## Data shown
────────
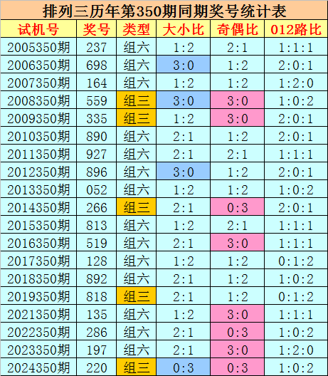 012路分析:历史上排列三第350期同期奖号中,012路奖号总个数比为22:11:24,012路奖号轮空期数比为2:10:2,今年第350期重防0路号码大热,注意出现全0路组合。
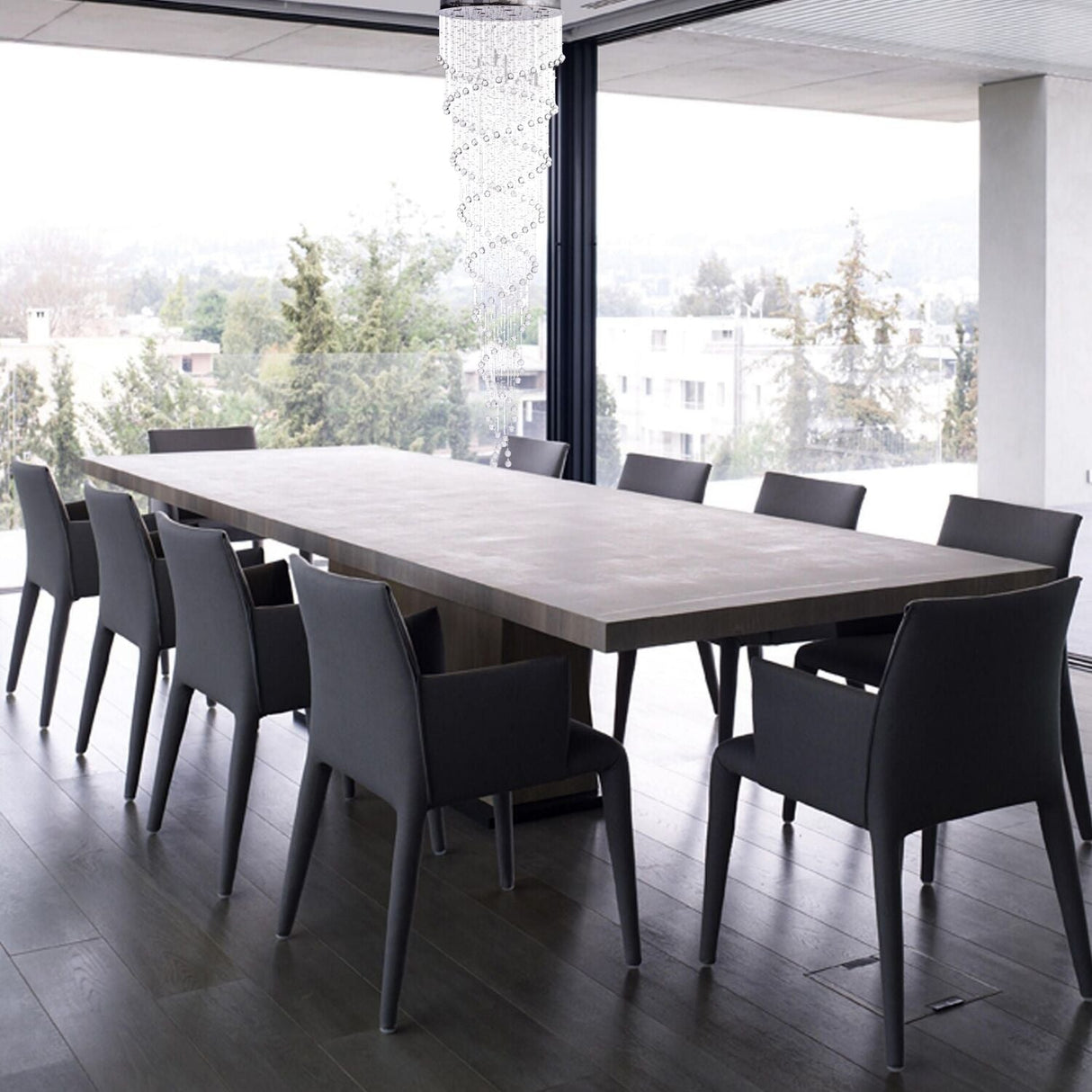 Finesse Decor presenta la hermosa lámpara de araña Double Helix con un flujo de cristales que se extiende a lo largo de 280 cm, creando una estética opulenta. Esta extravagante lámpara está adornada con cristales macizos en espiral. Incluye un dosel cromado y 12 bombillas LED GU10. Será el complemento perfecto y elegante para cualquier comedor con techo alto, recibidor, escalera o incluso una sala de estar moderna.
────────
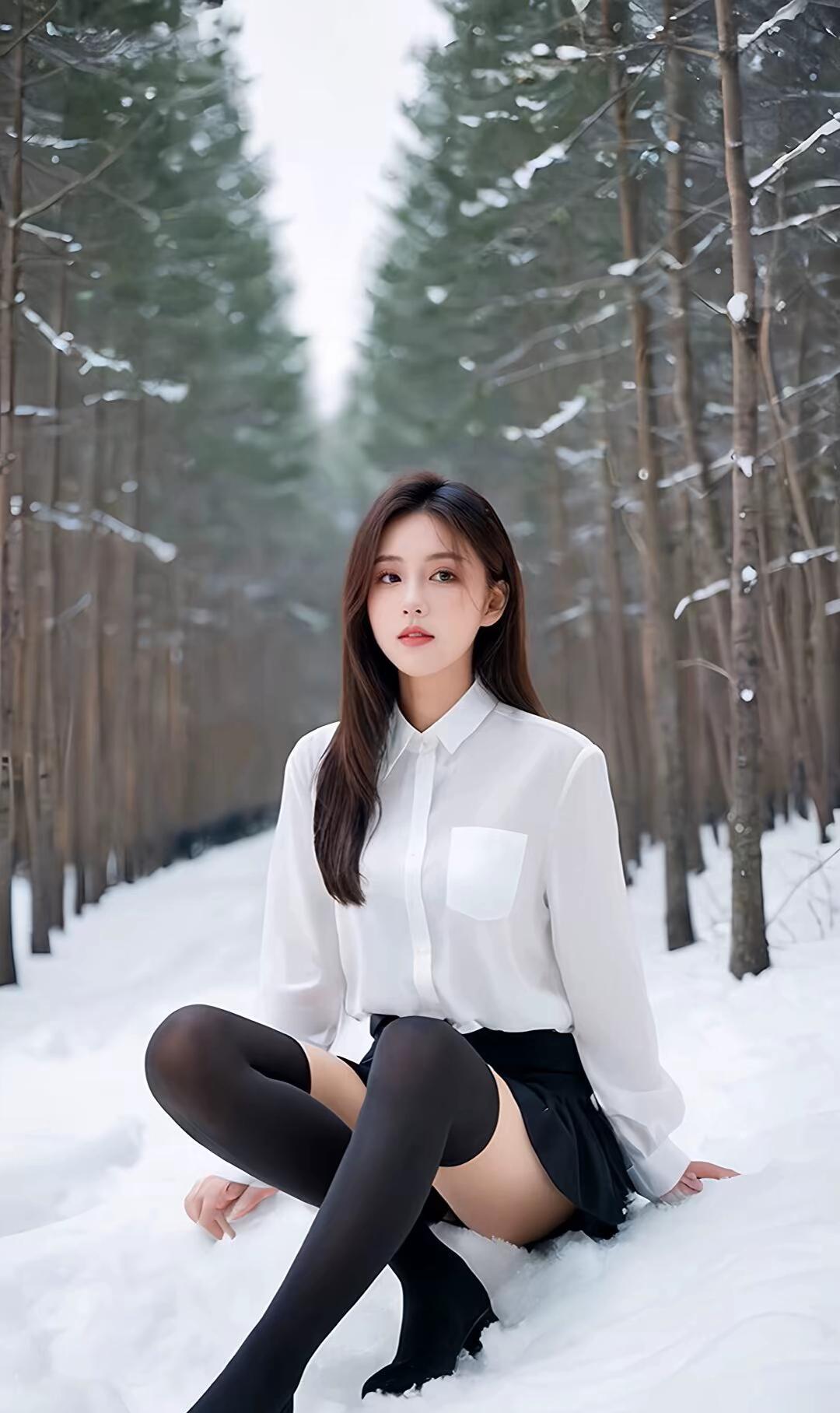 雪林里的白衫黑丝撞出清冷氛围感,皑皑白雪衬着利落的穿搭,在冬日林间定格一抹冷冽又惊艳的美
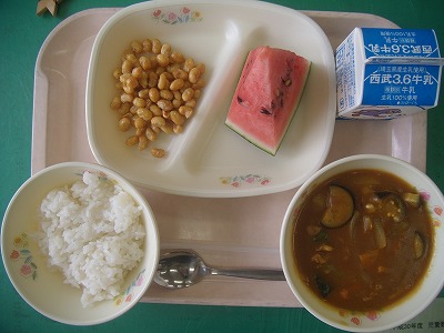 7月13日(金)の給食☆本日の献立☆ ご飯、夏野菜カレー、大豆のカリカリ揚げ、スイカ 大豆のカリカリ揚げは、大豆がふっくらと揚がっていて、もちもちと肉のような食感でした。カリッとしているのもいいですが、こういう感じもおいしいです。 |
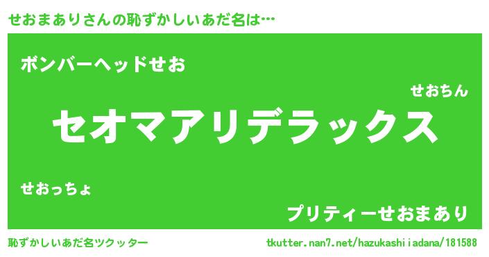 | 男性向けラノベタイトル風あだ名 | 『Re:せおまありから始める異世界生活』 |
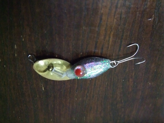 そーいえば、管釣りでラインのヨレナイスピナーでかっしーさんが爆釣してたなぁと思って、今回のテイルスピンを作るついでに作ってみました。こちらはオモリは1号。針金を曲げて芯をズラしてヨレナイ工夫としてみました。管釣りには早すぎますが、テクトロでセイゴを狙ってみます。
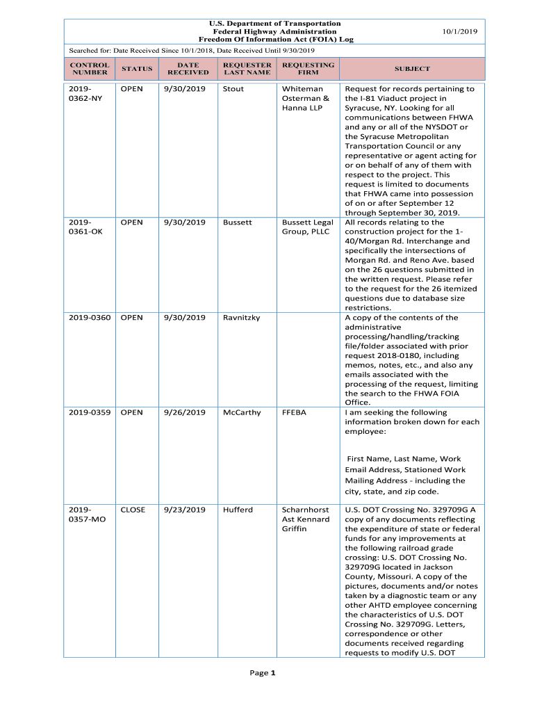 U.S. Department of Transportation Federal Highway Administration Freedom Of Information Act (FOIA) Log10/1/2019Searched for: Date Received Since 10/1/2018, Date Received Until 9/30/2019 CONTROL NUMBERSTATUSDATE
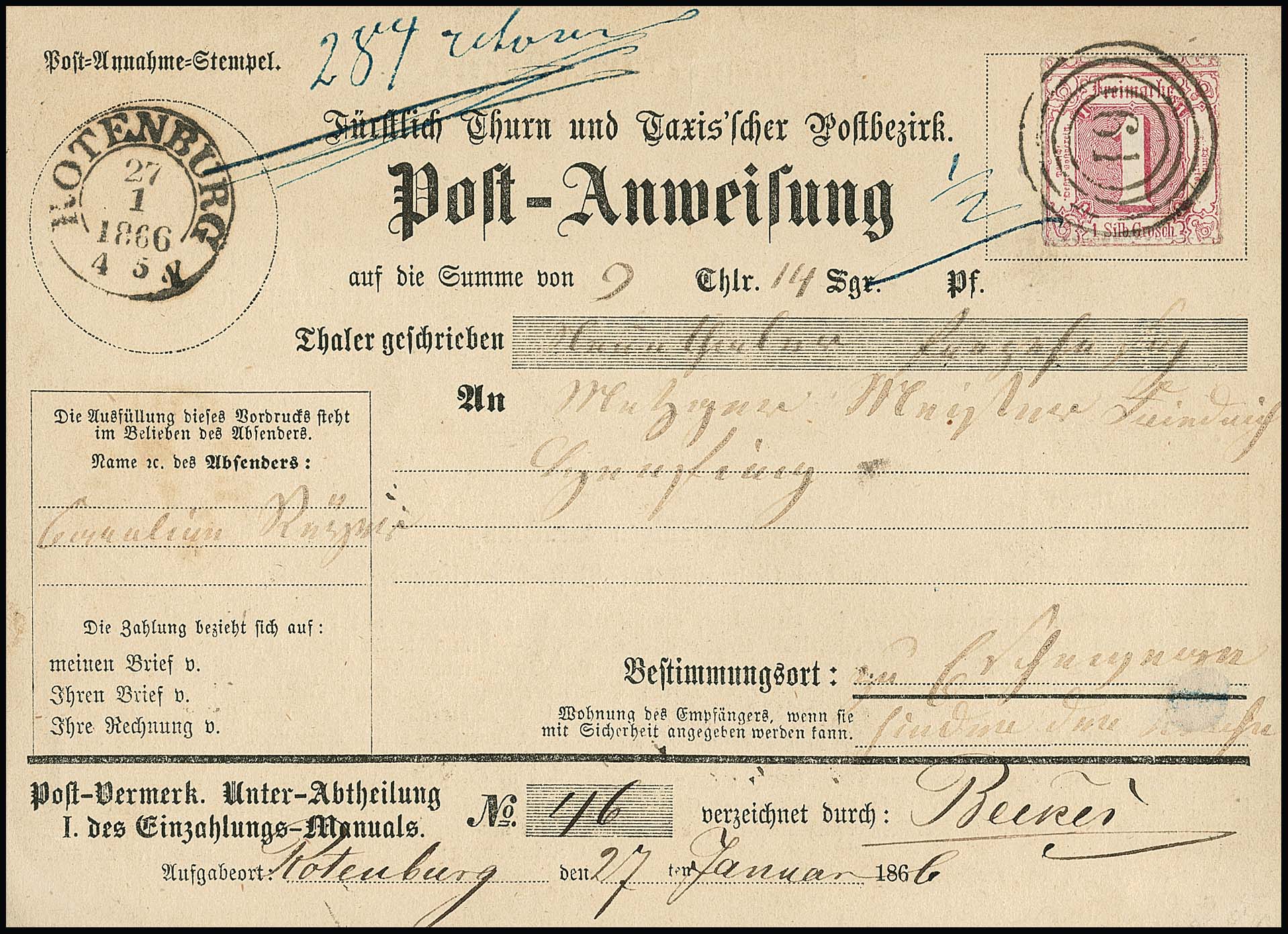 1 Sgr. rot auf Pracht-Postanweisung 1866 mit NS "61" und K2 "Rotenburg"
────────
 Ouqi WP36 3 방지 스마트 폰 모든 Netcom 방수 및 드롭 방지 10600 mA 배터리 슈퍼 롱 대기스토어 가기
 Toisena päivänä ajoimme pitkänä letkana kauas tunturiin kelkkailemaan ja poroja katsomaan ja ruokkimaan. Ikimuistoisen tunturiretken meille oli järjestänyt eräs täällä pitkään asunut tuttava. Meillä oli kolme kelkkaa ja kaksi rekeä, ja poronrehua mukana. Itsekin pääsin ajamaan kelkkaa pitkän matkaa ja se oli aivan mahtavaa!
────────
Your reply is to be an exact repeat of the listing above from the line holding "雪林里的白衫黑丝撞出清冷氛围" down to the line holding "U.S. Department of", ends included, pictures excluded.

## Task response
 雪林里的白衫黑丝撞出清冷氛围感,皑皑白雪衬着利落的穿搭,在冬日林间定格一抹冷冽又惊艳的美
 7月13日(金)の給食☆本日の献立☆ ご飯、夏野菜カレー、大豆のカリカリ揚げ、スイカ 大豆のカリカリ揚げは、大豆がふっくらと揚がっていて、もちもちと肉のような食感でした。カリッとしているのもいいですが、こういう感じもおいしいです。 |
 | 男性向けラノベタイトル風あだ名 | 『Re:せおまありから始める異世界生活』 |
 そーいえば、管釣りでラインのヨレナイスピナーでかっしーさんが爆釣してたなぁと思って、今回のテイルスピンを作るついでに作ってみました。こちらはオモリは1号。針金を曲げて芯をズラしてヨレナイ工夫としてみました。管釣りには早すぎますが、テクトロでセイゴを狙ってみます。
 U.S. Department of Transportation Federal Highway Administration Freedom Of Information Act (FOIA) Log10/1/2019Searched for: Date Received Since 10/1/2018, Date Received Until 9/30/2019 CONTROL NUMBERSTATUSDATE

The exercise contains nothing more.